Lines below that hold the word "search" must be copied in full.

Records from a dataset:
* * * *

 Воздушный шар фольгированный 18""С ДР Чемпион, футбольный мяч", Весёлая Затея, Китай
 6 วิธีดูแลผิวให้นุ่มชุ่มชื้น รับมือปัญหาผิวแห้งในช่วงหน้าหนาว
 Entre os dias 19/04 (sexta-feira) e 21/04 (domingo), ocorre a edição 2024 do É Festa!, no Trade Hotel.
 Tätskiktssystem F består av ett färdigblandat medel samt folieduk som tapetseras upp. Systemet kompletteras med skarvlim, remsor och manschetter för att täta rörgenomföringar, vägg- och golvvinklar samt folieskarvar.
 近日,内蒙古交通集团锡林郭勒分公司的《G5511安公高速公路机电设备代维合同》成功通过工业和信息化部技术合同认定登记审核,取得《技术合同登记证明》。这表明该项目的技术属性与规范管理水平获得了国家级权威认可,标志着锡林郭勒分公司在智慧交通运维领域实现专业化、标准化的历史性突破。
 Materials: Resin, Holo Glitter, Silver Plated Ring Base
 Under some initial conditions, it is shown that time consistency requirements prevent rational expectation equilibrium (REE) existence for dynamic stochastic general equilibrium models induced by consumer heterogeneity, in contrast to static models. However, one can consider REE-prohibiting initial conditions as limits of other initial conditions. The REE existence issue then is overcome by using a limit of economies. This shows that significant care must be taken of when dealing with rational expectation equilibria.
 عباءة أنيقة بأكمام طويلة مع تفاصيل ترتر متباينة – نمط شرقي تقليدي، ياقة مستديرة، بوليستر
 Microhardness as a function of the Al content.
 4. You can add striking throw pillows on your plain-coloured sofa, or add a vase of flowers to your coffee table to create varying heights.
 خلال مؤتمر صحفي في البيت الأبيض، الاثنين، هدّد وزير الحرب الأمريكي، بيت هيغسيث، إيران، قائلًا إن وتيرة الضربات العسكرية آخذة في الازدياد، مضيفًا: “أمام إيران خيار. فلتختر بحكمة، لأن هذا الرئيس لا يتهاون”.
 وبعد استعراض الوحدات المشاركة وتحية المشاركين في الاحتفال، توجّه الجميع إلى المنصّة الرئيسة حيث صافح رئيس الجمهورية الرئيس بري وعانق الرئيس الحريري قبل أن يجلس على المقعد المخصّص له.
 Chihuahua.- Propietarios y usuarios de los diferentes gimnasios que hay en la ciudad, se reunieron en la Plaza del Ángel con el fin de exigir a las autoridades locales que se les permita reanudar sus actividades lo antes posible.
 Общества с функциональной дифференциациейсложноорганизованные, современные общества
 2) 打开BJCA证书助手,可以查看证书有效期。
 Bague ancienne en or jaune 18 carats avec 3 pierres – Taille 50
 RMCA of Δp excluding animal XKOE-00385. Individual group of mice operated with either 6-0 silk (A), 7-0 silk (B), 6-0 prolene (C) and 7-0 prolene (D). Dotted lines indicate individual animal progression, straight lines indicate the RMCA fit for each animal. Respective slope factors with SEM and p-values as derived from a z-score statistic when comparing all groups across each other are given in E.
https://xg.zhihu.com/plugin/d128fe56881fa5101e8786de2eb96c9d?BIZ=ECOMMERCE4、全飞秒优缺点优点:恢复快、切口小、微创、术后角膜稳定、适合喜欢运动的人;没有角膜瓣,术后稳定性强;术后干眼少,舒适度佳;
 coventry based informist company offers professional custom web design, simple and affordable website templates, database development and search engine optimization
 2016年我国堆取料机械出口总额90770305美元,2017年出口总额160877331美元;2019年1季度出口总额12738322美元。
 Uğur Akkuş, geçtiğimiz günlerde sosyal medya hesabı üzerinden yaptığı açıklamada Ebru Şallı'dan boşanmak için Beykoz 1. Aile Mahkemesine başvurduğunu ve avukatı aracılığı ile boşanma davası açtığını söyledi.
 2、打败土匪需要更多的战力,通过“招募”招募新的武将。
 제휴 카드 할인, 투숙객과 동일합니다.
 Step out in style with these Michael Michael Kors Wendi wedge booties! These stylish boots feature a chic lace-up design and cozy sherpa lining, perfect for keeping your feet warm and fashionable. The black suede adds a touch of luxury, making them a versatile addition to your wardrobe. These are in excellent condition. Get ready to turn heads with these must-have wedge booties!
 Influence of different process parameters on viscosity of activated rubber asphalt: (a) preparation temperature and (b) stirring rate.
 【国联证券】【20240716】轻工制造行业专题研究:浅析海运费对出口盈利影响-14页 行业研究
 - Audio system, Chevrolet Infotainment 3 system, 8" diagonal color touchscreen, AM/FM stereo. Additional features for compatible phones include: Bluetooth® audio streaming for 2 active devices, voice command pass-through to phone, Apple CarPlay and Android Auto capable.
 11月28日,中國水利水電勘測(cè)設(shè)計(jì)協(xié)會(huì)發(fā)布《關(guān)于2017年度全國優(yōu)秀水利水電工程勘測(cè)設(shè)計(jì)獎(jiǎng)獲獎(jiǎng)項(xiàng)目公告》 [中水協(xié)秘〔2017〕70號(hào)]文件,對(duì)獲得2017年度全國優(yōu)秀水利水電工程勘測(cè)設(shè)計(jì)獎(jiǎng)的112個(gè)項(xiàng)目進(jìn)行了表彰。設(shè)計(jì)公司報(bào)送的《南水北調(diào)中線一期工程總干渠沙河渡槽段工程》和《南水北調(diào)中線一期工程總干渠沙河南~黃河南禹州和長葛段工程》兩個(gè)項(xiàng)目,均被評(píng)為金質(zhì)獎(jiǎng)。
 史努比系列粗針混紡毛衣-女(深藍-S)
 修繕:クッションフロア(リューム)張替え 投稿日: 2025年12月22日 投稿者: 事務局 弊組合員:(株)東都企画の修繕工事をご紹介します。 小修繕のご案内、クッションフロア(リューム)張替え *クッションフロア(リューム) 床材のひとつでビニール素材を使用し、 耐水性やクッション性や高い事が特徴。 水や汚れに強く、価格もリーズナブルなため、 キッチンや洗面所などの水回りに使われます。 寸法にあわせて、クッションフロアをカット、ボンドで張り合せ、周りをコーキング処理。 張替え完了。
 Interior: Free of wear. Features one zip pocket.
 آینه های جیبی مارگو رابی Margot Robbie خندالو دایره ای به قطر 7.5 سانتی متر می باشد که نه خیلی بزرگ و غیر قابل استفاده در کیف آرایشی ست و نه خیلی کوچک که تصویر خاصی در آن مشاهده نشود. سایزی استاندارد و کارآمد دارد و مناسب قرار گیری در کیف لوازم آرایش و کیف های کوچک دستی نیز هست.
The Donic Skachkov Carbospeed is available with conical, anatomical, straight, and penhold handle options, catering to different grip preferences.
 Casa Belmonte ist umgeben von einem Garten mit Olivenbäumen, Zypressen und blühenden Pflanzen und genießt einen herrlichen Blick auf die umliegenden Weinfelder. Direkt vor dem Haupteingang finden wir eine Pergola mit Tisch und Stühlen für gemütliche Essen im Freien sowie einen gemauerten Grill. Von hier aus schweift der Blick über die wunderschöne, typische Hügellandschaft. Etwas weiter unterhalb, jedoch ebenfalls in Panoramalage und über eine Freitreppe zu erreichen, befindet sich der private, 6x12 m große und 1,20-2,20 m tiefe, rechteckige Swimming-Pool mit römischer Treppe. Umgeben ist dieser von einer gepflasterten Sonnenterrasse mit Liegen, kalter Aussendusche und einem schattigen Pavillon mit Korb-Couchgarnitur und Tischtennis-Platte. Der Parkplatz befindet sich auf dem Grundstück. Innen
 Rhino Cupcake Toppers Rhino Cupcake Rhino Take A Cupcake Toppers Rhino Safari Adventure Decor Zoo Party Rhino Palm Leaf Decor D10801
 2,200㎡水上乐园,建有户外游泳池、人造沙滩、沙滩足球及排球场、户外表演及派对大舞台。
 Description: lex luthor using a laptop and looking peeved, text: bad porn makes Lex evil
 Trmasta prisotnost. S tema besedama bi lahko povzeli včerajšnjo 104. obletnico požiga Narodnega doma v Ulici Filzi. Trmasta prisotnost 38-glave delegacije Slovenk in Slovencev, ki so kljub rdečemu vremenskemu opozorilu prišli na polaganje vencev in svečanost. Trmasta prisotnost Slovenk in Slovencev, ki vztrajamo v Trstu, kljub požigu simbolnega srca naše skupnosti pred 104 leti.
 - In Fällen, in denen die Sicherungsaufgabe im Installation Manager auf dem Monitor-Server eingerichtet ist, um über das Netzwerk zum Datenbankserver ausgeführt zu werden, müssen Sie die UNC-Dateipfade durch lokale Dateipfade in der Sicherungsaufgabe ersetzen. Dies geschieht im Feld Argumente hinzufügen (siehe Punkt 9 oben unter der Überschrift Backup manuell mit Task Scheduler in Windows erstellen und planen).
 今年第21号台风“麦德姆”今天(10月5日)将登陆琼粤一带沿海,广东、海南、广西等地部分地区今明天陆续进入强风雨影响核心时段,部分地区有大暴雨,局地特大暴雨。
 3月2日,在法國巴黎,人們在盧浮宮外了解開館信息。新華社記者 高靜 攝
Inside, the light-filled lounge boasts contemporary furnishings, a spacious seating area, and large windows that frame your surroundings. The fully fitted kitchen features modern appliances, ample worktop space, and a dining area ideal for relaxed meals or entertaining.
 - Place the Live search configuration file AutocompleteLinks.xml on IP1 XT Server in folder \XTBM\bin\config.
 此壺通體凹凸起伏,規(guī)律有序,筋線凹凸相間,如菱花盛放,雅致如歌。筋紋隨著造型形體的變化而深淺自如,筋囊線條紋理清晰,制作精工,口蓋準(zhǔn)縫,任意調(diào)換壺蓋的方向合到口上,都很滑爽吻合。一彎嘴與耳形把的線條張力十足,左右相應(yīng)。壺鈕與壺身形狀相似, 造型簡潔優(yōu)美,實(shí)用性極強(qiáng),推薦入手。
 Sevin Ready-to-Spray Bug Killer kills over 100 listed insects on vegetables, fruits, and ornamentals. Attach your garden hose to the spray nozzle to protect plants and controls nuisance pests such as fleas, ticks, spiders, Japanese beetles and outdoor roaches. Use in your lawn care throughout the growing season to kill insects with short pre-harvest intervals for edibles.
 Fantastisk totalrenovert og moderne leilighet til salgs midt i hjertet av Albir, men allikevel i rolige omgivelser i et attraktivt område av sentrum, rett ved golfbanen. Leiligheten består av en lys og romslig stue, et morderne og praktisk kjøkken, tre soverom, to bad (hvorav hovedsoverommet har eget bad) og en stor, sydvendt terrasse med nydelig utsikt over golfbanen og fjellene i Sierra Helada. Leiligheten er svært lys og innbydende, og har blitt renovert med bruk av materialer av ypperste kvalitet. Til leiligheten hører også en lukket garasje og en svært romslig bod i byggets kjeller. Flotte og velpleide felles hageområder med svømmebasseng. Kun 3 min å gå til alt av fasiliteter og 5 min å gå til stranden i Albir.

* * * *

ANSWER SPACE
 coventry based informist company offers professional custom web design, simple and affordable website templates, database development and search engine optimization
 - Place the Live search configuration file AutocompleteLinks.xml on IP1 XT Server in folder \XTBM\bin\config.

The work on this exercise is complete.